Is Sonar HIPAA compliant? Contact your account representative for details on HIPAA compliance, BAA availability, and other regulatory requirements for your use case.

What are the API rate limits? 100 requests per second per API key, with bursts up to 200 for short spikes. If you exceed the limit, the API returns 429 Too Many Requests with a Retry-After header. For high-volume use cases, use webhooks to react to changes instead of polling per-user endpoints. See API Conventions for full details.

Are API requests idempotent? All GET requests are safe to retry. POST requests to create resources (users, webhooks) are not idempotent — calling them twice creates two resources. Use reference_id on user creation to detect duplicates in your system. Token generation endpoints are idempotent in the sense that calling them twice issues two valid tokens, which is harmless.

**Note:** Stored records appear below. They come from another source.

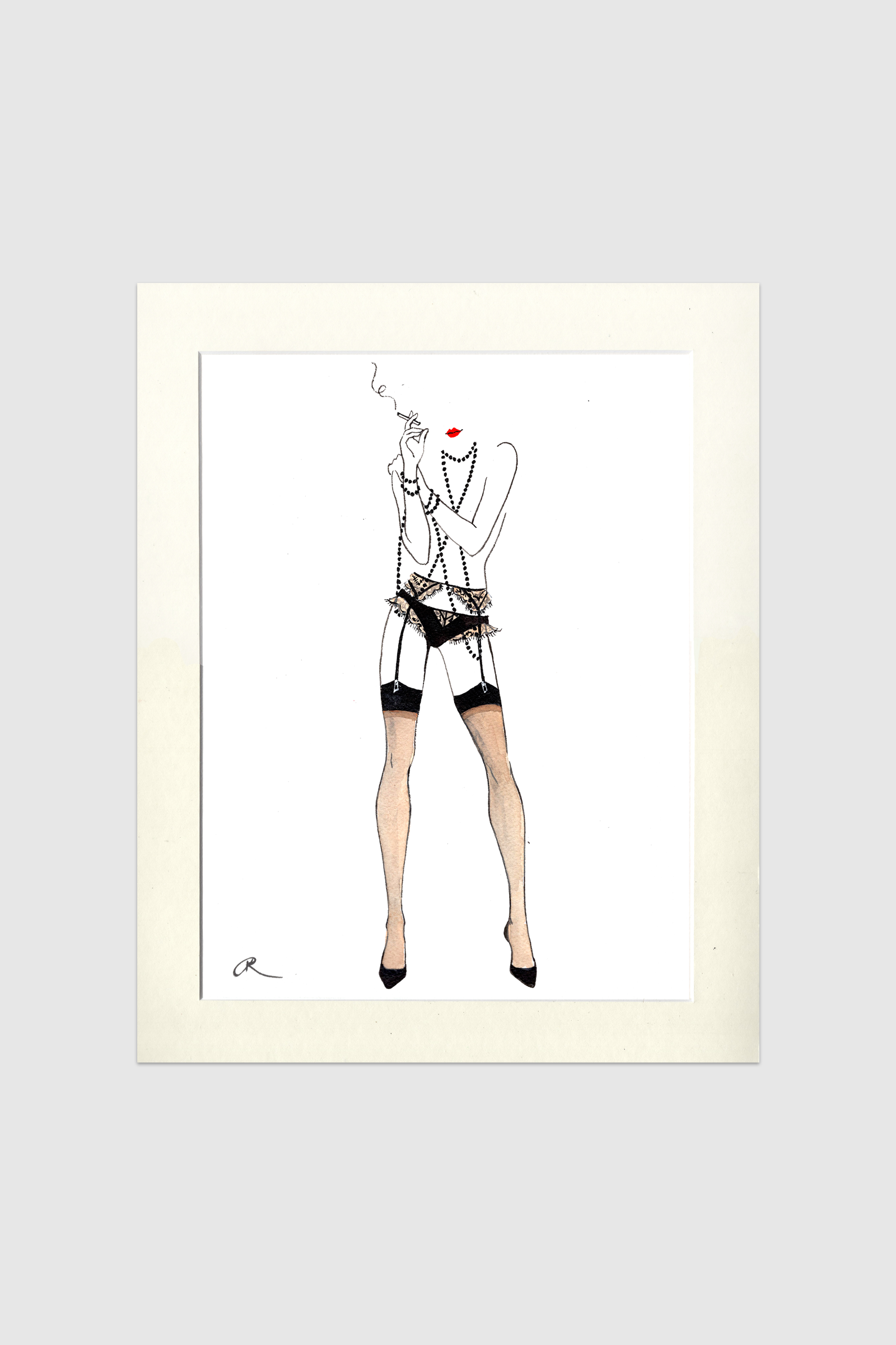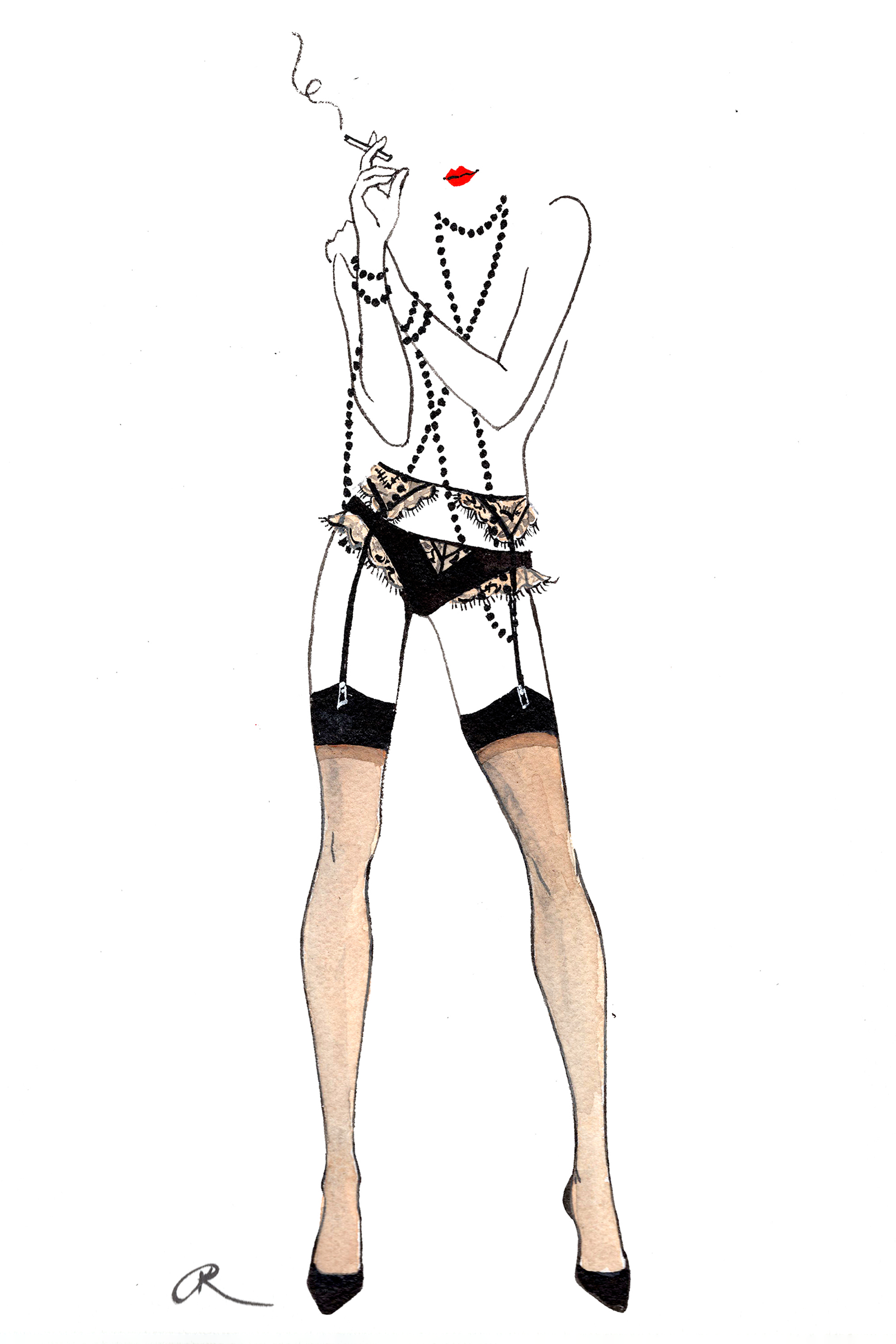 Regina Yazdi has created sketches and paintings for an illustrious clientele that includes Chanel, Dior, Bulgari, Harry Winston, and CR Magazine. For Holiday, she's turned her gaze and hand to the world of KIKI DE MONTPARNASSE with a trio of limited edition, original gouache on paper that feature iconic KIKIDM styles. 'L'amour Fou', the fiery love, depicts the quintessential KIKIGIRL in our Faceted Onyx Restraints, Lace Inset Garter Belt, and Thong.
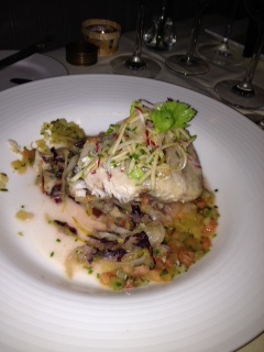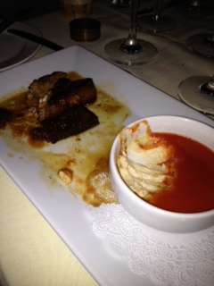 For the first course, our friends brought a Sancerre that they brought back from our recent trip (a wine that I also brought back). I had the escargots that I get just about every time since they are always spectacular (and I can never eat enough snails).  My wife got the fois gras.  She won, and it was not even close, the fois was unbelievably good.
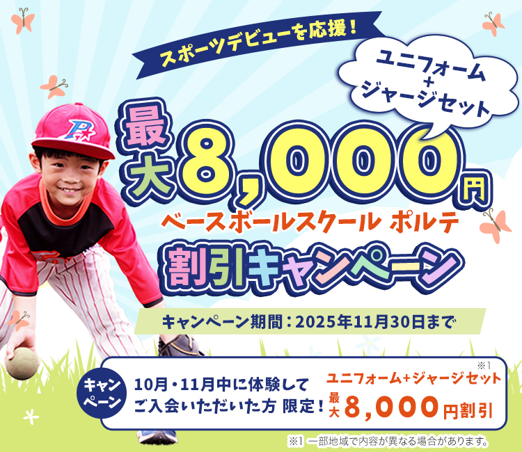 ベースボールスクールポルテでは、お得に習い事を始められるユニフォームセットの最大8,000円割引キャンペーンを2025年10月6日(月)から実施しております!
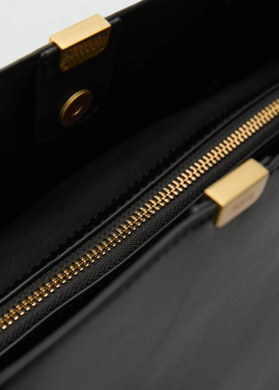 Duża wielkość. W stylu shopper. Podwójny, krótki uchwyt. Metalowy element. Metalowe zapięcie na zatrzask. Wewnętrzna kieszeń zapinana na suwak.
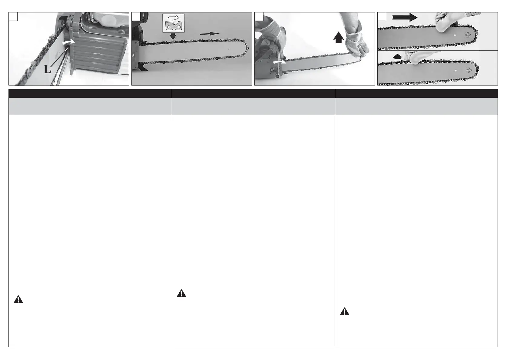 - Mit Hilfe der Spannschraube (L, Abb. 5) die Kette spannen.

How should I handle retries? Use exponential backoff with jitter. Start at 1 second, double on each retry, cap at 30 seconds, and add random jitter. Always respect the Retry-After header on 429 responses. For 500 errors, retry up to 3 times — if it persists, the issue is on Sonar's side.

Which platforms are supported? iOS (Swift), Android (Kotlin), and React Native (with separate modules for Apple Health and Android/Health Connect). See the SDK Overview for all available packages.

Do I need the Mobile SDK? Only if you want to collect data from on-device health stores (Apple Health, Health Connect, Samsung Health). If your users only connect cloud-based wearables, the REST API alone is sufficient.

Does Sonar work with Expo? Yes. The React Native packages include Expo config plugins. Add @sonar-health/react-native-apple-health and/or @sonar-health/react-native-android to your app.json plugins array, and the native configuration (capabilities, permissions, manifest entries) is handled automatically. See React Native SDK for the full Expo setup.

How does the SDK handle background sync? The SDK registers for background delivery with the OS health store. On iOS, HealthKit wakes your app when new data is available. On Android, the SDK uses WorkManager to schedule periodic syncs with Health Connect. Data is pushed to Sonar's servers automatically — no polling required from your app.

What permissions does the SDK request? The SDK requests read-only access to health data categories. You configure which categories to request in the SDK initialization. Users see a standard OS permission dialog (Apple Health or Health Connect) and can grant or deny individual data types.